Тот поглядел сурово и неприветливо.
– Здорово, рыбак! Опосле зайдешь. Ныне нам с батькою бесноватых не надо! – резко сказал он.
– Опосле, опосле! – суетливо отозвался Прокоп и задом попятился в сенцы.
– Чего-то тут у тебя порченый дьявол снует?! – проворчал Минаев.
– Да свой человек, Наумова друг. И разумом взял и отвагой. Чего он тебе? – удивился Степан. – Пошто ты его обидел?

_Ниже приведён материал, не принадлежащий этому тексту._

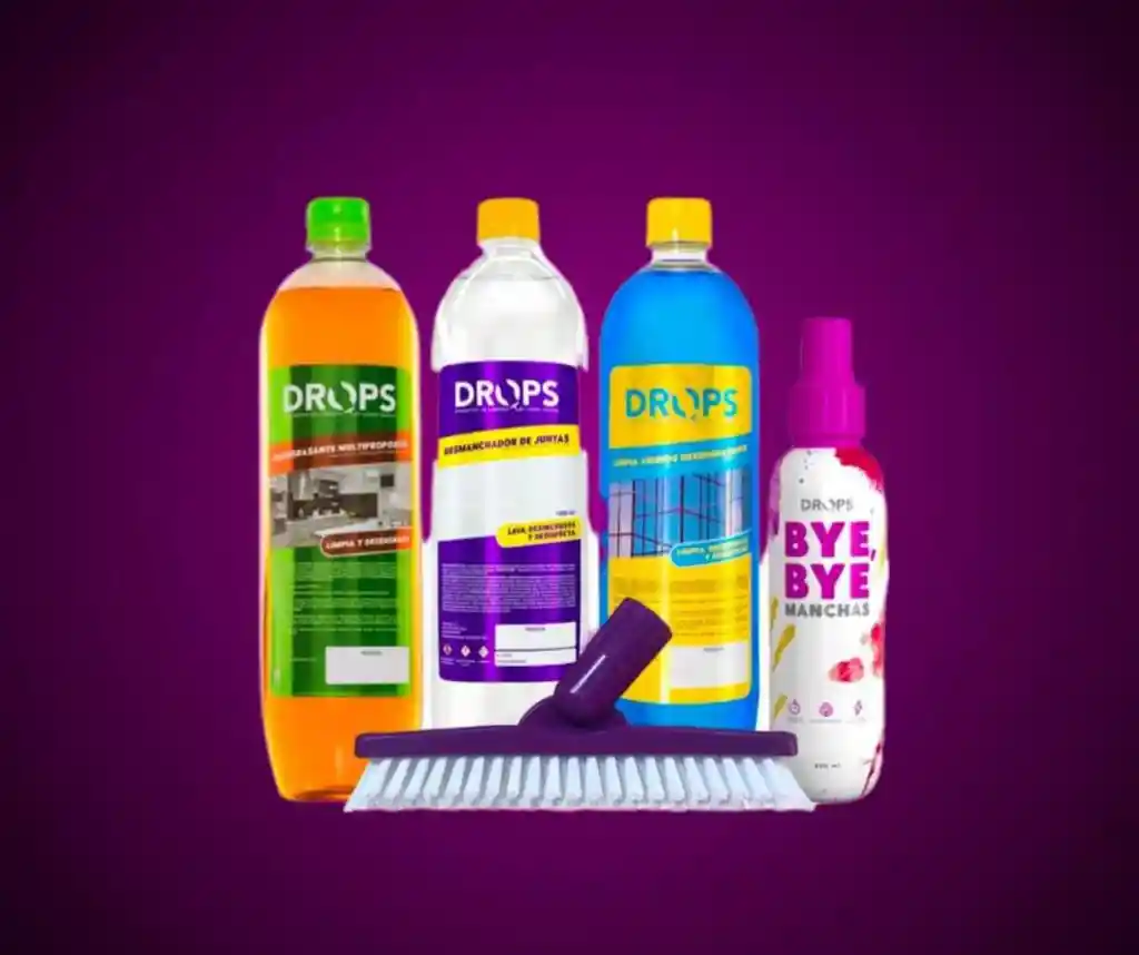 Productos de limpieza especializados con fórmulas concentradas Este Kit contiene: 1 Quitamanchas Bye Bye Manchas 1 Desmanchador de Juntas 1 Desengrasante Multipropósito 1 Limpiavidrios fórmula concentrada 1 Cepillo de fragua abatible Mantendrás tu hogar limpio, desinfectado y reluciente gracias al super kit de Drops.
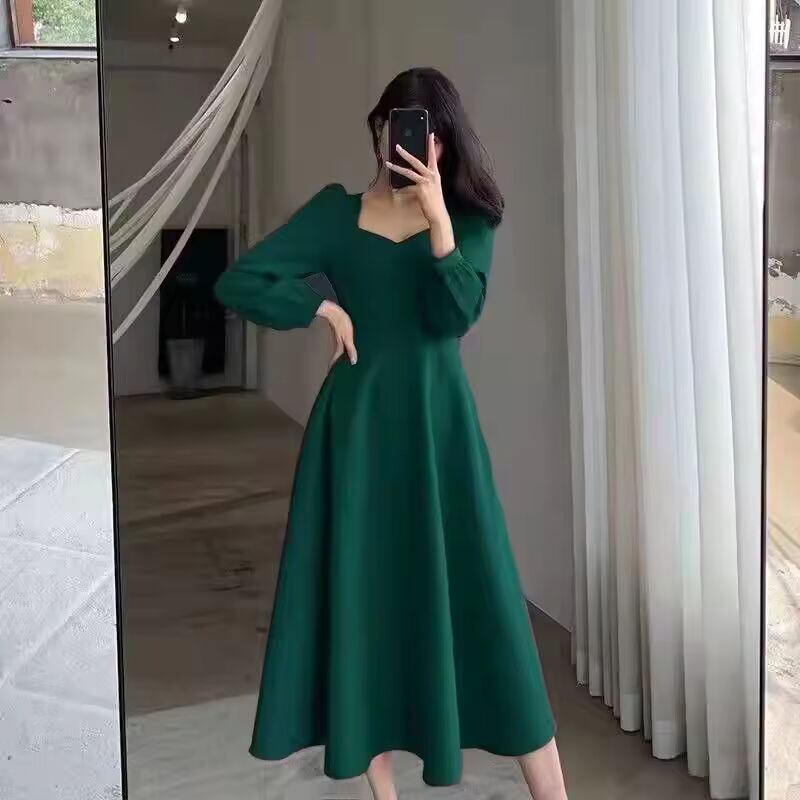 【送料無料◎】 ロングパフスリーブ固体エレガントなドレスの女性の服結婚式のゲスト新年の女性のファッションハイウエストスリムイブニングパーティードレス

– А в сенцах пошто тут мотается, словно бы пес?
– Ну, вишь, шел по делу, смутился...
– Не люблю я уродов: как чирьи в роду людском!.. Недобрые люди... – серьезно сказал Минаев.
– Да брось-ка ты, что ты! Уродец уродцу рознь.
– Ну, как знаешь, а бесноватых я все-таки не люблю! – перебил Минаев и, насколько возможно понизив голос, вернулся к прежнему разговору: – Так, слышишь ты, тульские кузнецы ко мне присылали, зовут... А в Туле мы с ружьями, с пушками будем... А далее нам уж прямая дорога в Москву через Серпухов или Каширу... Лазутчиков слал я по всем городам – путь пытать. Ждут нас, Степан Тимофеич, золотко, жду-ут! И что тебе Волга далася! Мой-то путь тоже испытан: Иван Болотников шел сим путем. Не в обиду тебе, не хуже был атаман... Попутал с дворянами, Ляпунов его продал {Прим. стр. 354}. А мы без дворян обойдемся!
– Что ж, пешим походом... – сказал Степан.
– На что, батька, пеше! – весело воскликнул Минаев. – У меня ведь нонче соседи – татары да запорожцы – все лошадиные люди, – шутливо сказал он. – Чего нам коней не купить! Сколь надо – сдобудем!.. Покуда ты размышляешь, в то время челны готовь, а там поглядим – Доном идти на челнах али конно. Пока ты размышляешь, а я тысяч пять лошадей приторгую. А не то, как поправишься малость, сберись-ка в мое «воеводство». Уж я-то тебя на радостях там приму – так приму-у!.. А там мы с тобой все обсудим, людей сам расспросишь... – Минаев вдруг наклонился к Степану и зашептал: – А не то запорожские, может, заедут. Я звал их к себе побывать. Тогда мы с тобой большой разговор с Запорожьем затеем... Черт-те что, как Москву обдурим!.. «Згода, что ли?!» – як говорят сусиды мои, запоризьски казаки, – громко воскликнул Минаев.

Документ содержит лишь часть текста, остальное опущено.